Stanford-bound Munoz switching sides for Under Armour Classic

St. Mary's goalie will suit up for North team Saturday, while all of her high school rivals play for the South

July 01, 2010|By Katherine Dunn, The Baltimore Sun

When Lyndsey Munoz got the call to play for the North team in the Under Armour All-America Lacrosse Classic, it took a minute to sink in.

North? Isn't her school, St. Mary's in Annapolis, pretty far south?

"I was like, 'Cool,' when he told me I made the team. It didn't even register with me that everybody else was on the South team," Munoz said.

Every other player from Maryland is on the South side for Saturday's fifth annual Classic at 5:30 p.m. at Towson University's Johnny Unitas Stadium, but a glut of goalies shifted Munoz north.

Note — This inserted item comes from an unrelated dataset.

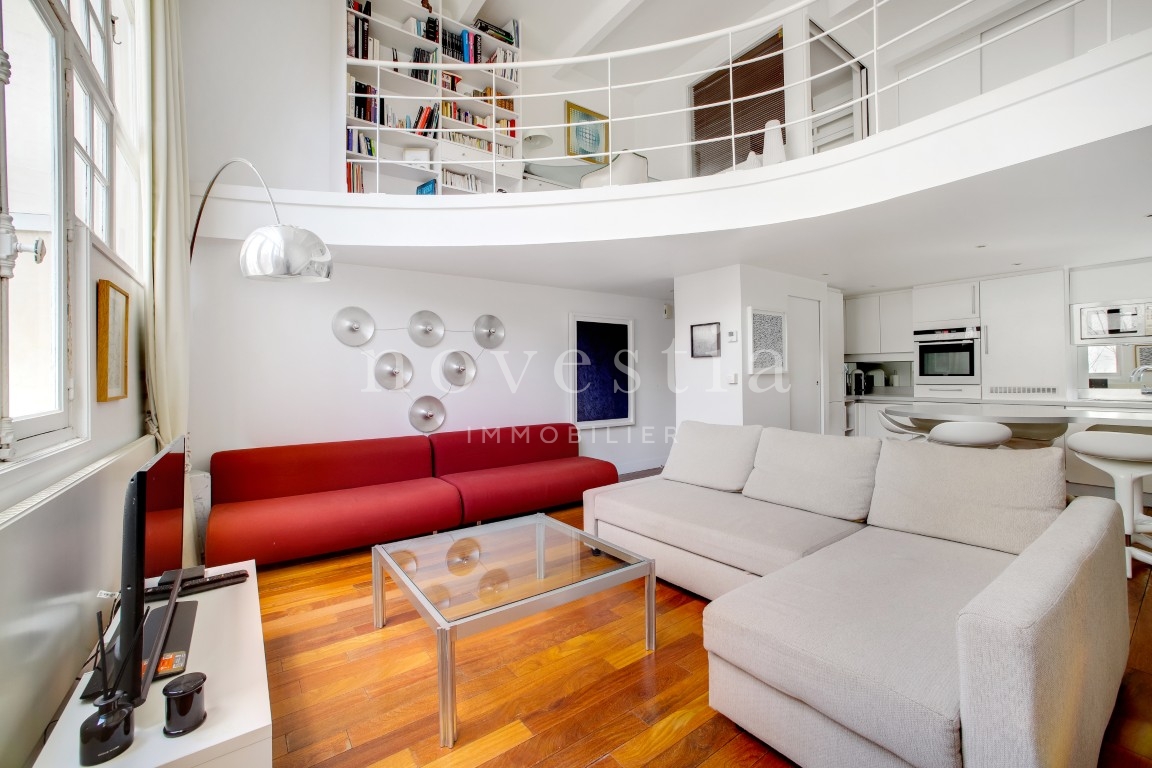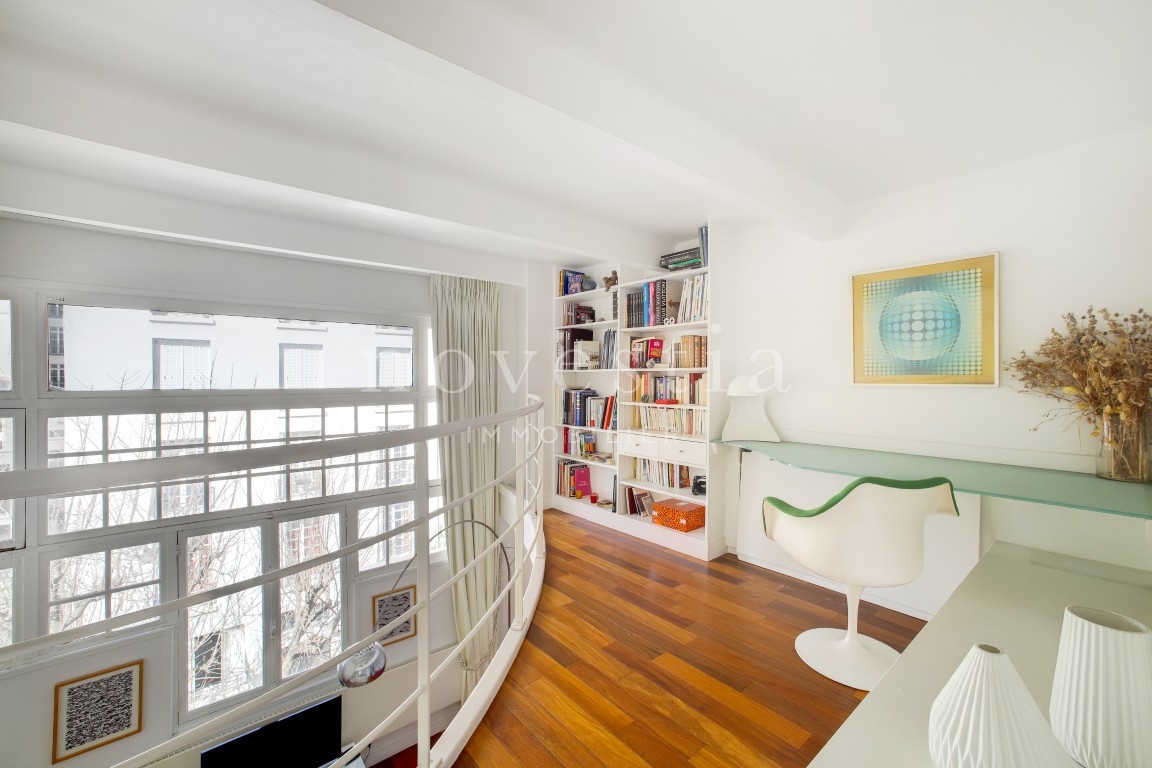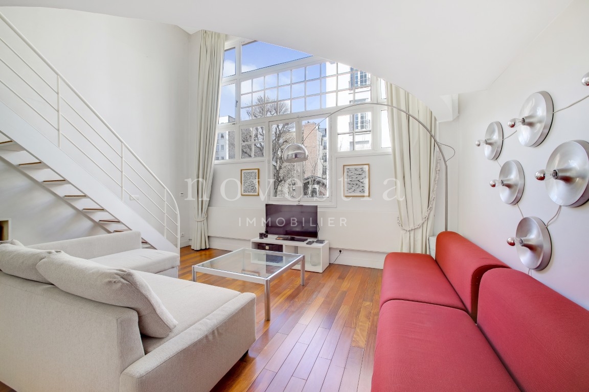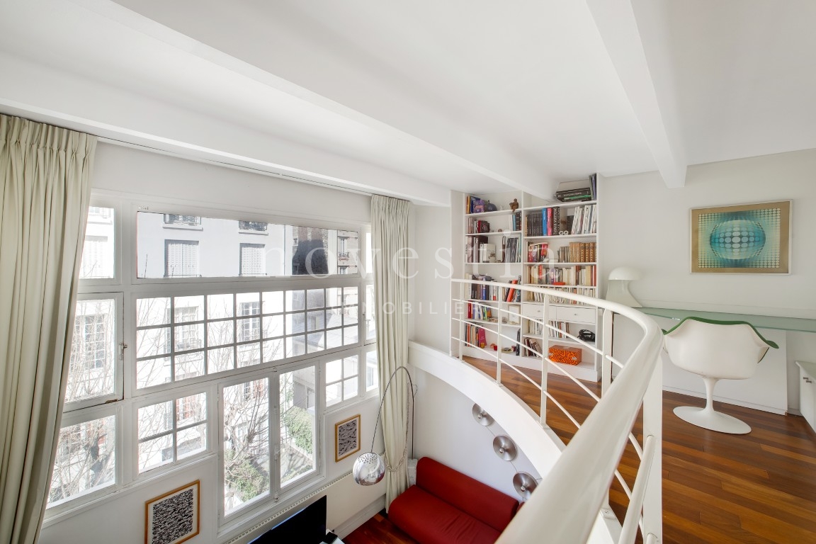 EXCLUSIVITÉ - PARIS XVI - RUE DE PASSY - Au fond d'une allée piétonne et privée, au 2e étage d’un immeuble ancien avec ascenseur, nous vous proposons un appartement de type atelier d'artiste de 52,06 m² Loi Carrez. Cet appartement comprend au premier niveau une entrée avec rangements, un séjour ainsi qu'une cuisine ouverte et équipée. Au second niveau en mezzanine, une chambre avec placards, un coin bureau ainsi qu'une salle de bains avec ses WC. Appartement très lumineux avec sa grande verrière, au calme absolu et au cœur de la rue de Passy. Nombreux commerces et transports à proximité immédiate.
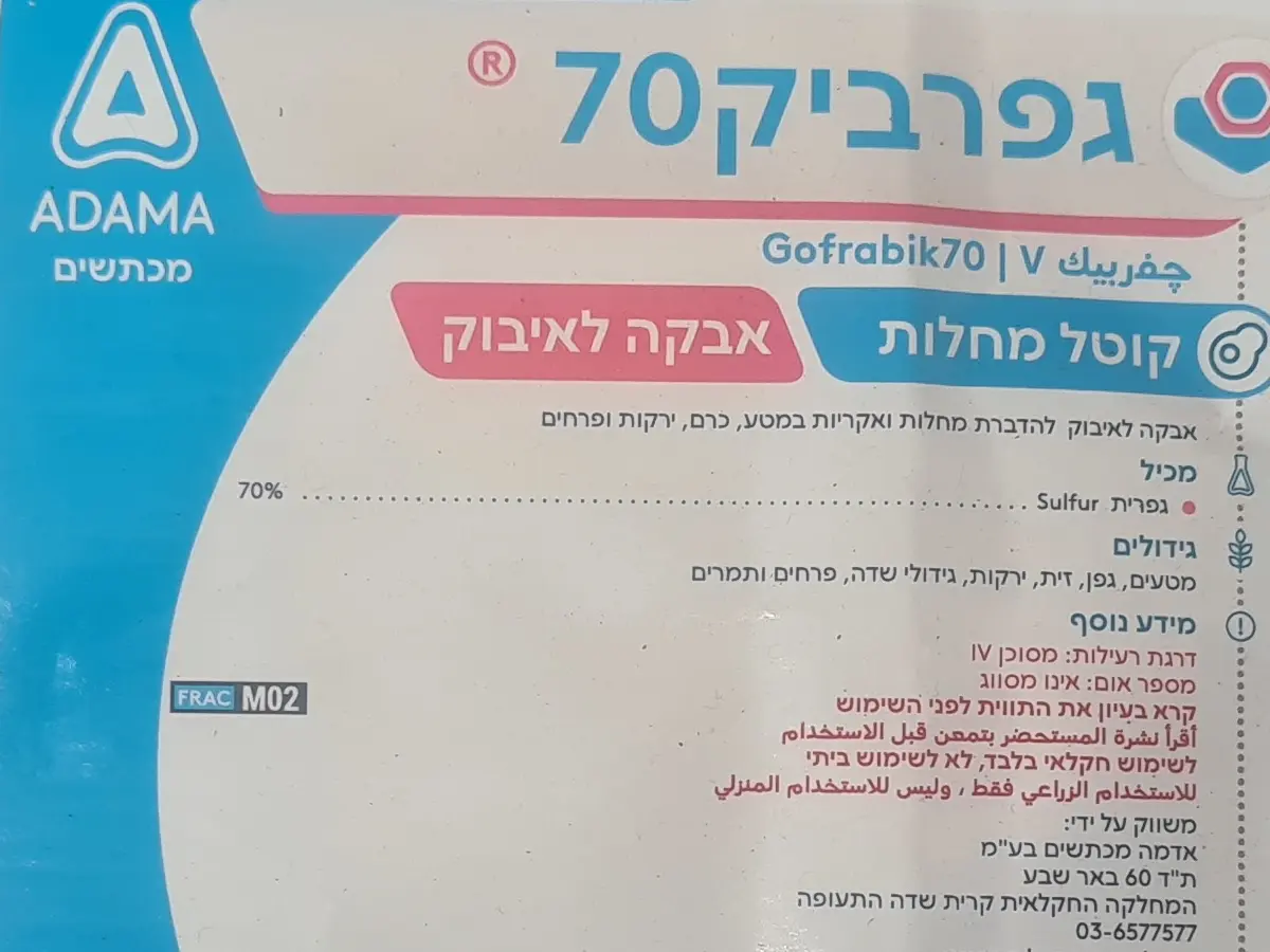 • שימושים: איבוק למחלת אקריות לאוכמניות, גפן וזית

"We take the four best goalies. Three ... were from the Maryland-Virginia area, so the way of thinking is, [Munoz is] going to Stanford, so we decided to put her on the North team," said the event's director, Ryan Heacock, because Stanford is the farthest away of the goalies' colleges.

Munoz, a second-team All-Metro goalie, isn't at all disappointed to play against — rather than with — the area's best players, including eight All-Metro first-teamers: South River's Brooke Griffin and Natalie Glanell, Winters Mill's Mackenzie Cyr, McDonogh's Hannah Franklin and Taylor Virden, Broadneck's Courtney Tomchik, Severna Park's Sarah Lloyd and Bryn Mawr's Paige Hanson.

"I was just happy to make the team," she said.

Munoz doesn't think she'll necessarily have an advantage playing against girls she's met before. She knows their tendencies, she said, but they also know hers.

"She embraces the challenge," said Mike Molster, a goalie coach who worked with Munoz and other top Anne Arundel County players before taking a volunteer coach's position at Johns Hopkins last fall.

"She really likes the idea — I don't want to say of being the underdog because that's too much of a cliche — of being in a position where she's going to have to win the confidence of some of those girls. [In All-Star games,] you don't know everybody. Even if she was playing on the South team, she might know two or three or four girls, but she'd at least have heard about them. The difficulty she has is they might not even have heard of her, because she didn't play up in the North," Molster said.

For Munoz, surprises are nothing new in her lacrosse career.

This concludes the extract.